Но я не встретился и не поговорил — надо было уезжать на практику.
26
На практику я устроился от лаборатории геологии угля, коллектором. Практика предполагалась интересная. Из Питера нас ехало трое: начальник отряда и я с еще одним студентом-ботаником. Поездом до Караганды, а далее — машиной, в самый угол Юго-Восточного Казахстана, в город Зайсан, откуда уже — к самой китайской границе.
В Караганде, где многое было узнаваемо мной с прошлого года, мы несколько дней расслаблялись на базе московских биологов, в Ботаническом саду (сравнить с прошлогодними вокзальными лавками!), а затем погрузили отрядное барахло в грузовик с брезентовым верхом и двинулись в путь к той самой китайской границе.
Отряд наш увеличился на трех человек: на повариху и работягу местного найма, плюс — шофера-москвича, мужчину лет под сорок по имени Леша. Машина тоже была московская, пригнанная своим ходом из столицы. Начальник — толстый, уравновешенный, смешливый геолог-угольщик — ехал в кабине, временами подменяя шофера. Мы четверо, откинув спереди брезент, сидели в кузове на длинном рундуке, горланили песни или разговаривали. Повариха — тетка неопределенного возраста — попала к нам после отсидки, за что сидела, каков был срок, она не говорила. Хоть с головой у нее было не совсем ладно, поварские дела она вершила исправно. Работяга — долговязый карагандинец-допризывник — больше всего на свете любил кино. Он все норовил пересказать нам содержание "Подвига разведчика", а также неизвестного нам фильма "Серебристая пыль", в котором американские зверюги-ученые проводили смертоносные опыты на неграх, посыпая их этой самой пылью. В истинности всего, виденного в кино, этот Коля не сомневался.

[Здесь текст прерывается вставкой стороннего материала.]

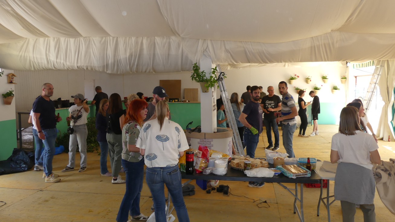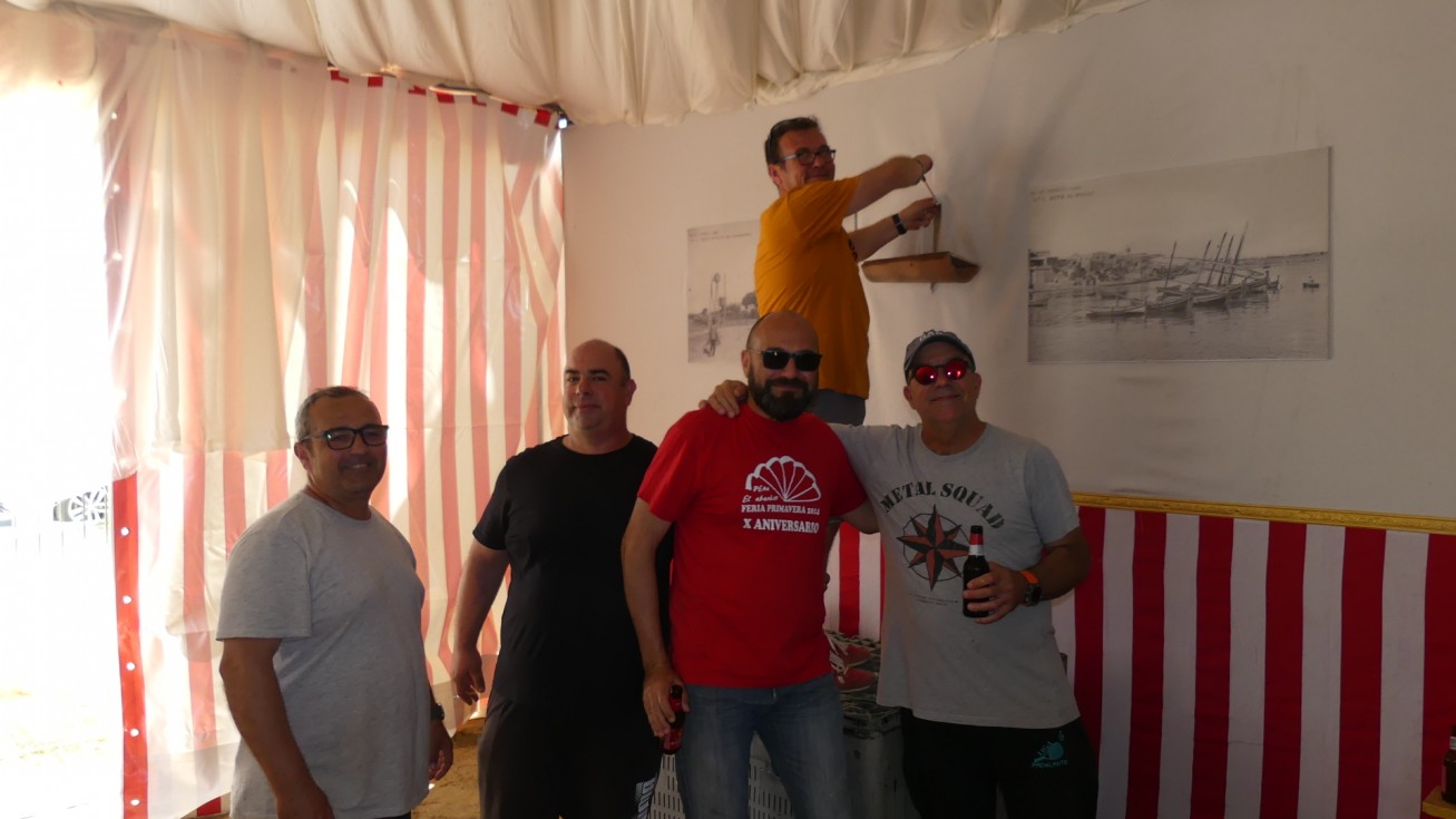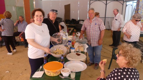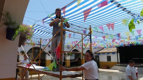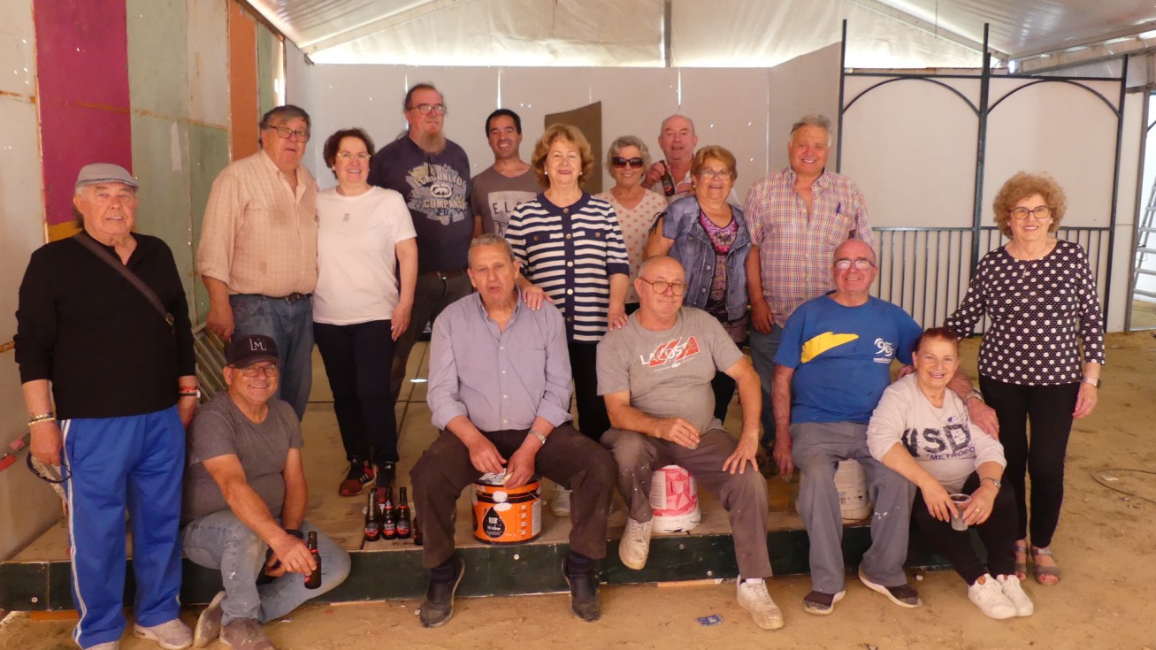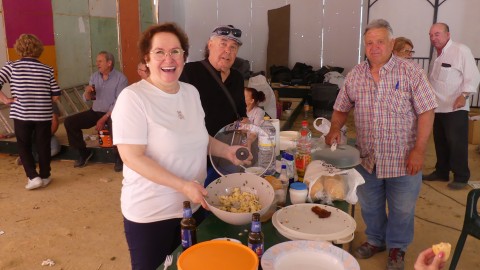 Como siempre, y es un clásico, hay socios que se implican más que otros en los trabajos, pero no falla que a la hora de la comida, aparezcan casi todos, porque la preferia, a parte de montaje, también es compartir algo de picas y beber entre andamios, trompos, martillos, macetas, mangueras, farolillos y telas.

Мы катили по малолюдным степным дорогам, минуя поселки, становища, целинные совхозные палаточные городки, снова становища, снова поселки... Изредка останавливались там, где имелись столовые или магазины, — поглазеть. При начале сумерек мы начинали присматривать место для ночлега, машина съезжала с дороги, мы разводили костерок, ужинали, а потом вынимали раскладушки, спальные мешки и укладывались под открытым небом, под звездами. За весь долгий путь я не помню ни одного дождя, ни одной пасмурной ночи.
Так добрались мы до Зайсана, родины Павла Васильева, расстрелянного поэта (Глеб Сергеевич читал нам его стихи).
Славный, тихий, зеленый, одноэтажный городок. Все бы хорошо, кабы не устрашающие, на каждом шагу расклеенные уведомления санэпидстанции: в районе столько-то процентов сифилиса, столько-то трахомы и прочих пакостей, передаваемых не только половым путем.
За "половой путь" страшиться нам не приходилось: одна прибабахнутая повариха, да и та старуха.